Audio blanking effect of saccadic suppression of target displacement

Poster Presentation: Saturday, May 17, 2025, 2:45 – 6:45 pm, Pavilion
Session: Multisensory Processing: Audiovisual integration

Hiu Mei Chow1 (), Jialiang Ma2, Satoshi Shioiri2, Chia-Huei Tseng2; 1St. Thomas University, Fredericton, Canada, 2Research Institute of Electrical Communication, Tohoku University, Sendai, Japan

Human observers make saccades (large shifts of eye gaze) frequently as we explore the world visually, which creates motion blur or smears on the retina. However, we perceive a stable visual world and do not notice motion blur. That is because our brains selectively block visual processing during eye movements (i.e. saccadic suppression). One example of saccadic suppression is our inability to detect a target location change during saccades (i.e. saccadic suppression of target displacement), which might be explained by the assumption that the world is stable. As our world is multi-sensory and non-visual signals like sound are important elements for a stable world, we tested whether sound affected the visual perception of target displacement during eye movement in an experiment. Sixteen observers reported whether a visual target jumped to the left or right (0.33°) when they made a saccade (18°). Critically, a pure tone was presented synchronously with the visual target, with a 100-ms gap at the time of saccade (audio-blank), potentially signalling a change in the visual event. Other times, the sound was constant (audio-no-blank, signalling no change) or absent (silent). Perceptual performance analysis showed that observers’ ability to discriminate target shift direction was significantly higher in the audio-blank condition than in the silent (p = .002) and audio-no-blank (p = .037).
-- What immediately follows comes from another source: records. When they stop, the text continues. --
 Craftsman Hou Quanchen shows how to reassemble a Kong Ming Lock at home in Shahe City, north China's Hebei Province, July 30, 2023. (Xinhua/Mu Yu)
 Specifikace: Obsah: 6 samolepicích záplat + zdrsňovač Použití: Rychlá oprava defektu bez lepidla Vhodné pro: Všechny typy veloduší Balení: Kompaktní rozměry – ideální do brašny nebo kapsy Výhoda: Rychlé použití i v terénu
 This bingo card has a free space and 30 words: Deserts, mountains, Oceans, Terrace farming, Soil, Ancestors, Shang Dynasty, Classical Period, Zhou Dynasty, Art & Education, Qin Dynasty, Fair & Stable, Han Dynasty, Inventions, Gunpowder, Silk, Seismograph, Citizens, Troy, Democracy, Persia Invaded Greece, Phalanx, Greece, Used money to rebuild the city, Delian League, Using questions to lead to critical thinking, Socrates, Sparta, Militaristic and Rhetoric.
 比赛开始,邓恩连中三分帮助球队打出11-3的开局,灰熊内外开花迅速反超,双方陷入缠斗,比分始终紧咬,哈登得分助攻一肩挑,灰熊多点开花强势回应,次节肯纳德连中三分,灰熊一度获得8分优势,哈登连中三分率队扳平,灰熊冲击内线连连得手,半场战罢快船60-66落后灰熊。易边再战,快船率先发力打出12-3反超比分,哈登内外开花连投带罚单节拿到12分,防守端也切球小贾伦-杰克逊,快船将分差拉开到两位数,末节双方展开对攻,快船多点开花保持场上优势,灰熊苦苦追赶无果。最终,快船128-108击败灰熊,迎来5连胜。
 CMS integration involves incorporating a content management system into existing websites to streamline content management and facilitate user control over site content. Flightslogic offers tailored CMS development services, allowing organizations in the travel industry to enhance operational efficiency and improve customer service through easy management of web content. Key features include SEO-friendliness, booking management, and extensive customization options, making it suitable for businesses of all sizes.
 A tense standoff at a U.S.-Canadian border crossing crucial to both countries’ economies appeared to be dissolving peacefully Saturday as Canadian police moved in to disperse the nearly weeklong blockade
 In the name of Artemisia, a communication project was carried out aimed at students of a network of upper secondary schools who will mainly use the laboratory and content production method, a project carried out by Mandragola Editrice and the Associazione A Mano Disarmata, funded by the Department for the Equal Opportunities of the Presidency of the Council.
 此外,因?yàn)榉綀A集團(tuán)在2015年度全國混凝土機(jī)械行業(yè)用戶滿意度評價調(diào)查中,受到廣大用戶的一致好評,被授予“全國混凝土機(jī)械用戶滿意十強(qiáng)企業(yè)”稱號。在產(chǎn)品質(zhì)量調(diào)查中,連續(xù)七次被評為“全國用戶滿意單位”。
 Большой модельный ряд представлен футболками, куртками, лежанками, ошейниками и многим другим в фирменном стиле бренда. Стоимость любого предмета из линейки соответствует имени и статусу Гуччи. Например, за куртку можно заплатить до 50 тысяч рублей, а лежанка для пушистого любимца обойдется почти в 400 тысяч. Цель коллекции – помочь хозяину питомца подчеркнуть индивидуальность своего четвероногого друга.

Despite a shorter saccade latency in the audio-blank than in audio-no-blank conditions (p < .001), saccade latency did not predict perceptual task accuracy (p = .10) on a trial-by-trial basis after sound manipulations were accounted for. These results highlight an auditory counterpart of the visual blanking effect of saccadic suppression, where a brief gap in the visual target at the time of saccades leads to better visual discrimination. Our work supports the role of sound in modulating visual stability perception during saccades.

Acknowledgements: Part of this work was carried out under the Cooperative Research Project Program of the Research Institute of Electrical Communication, Tohoku University (R05/A17) and Discovery Grant Program of Natural Sciences and Engineering Research Council of Canada (RGPIN-2024-06028).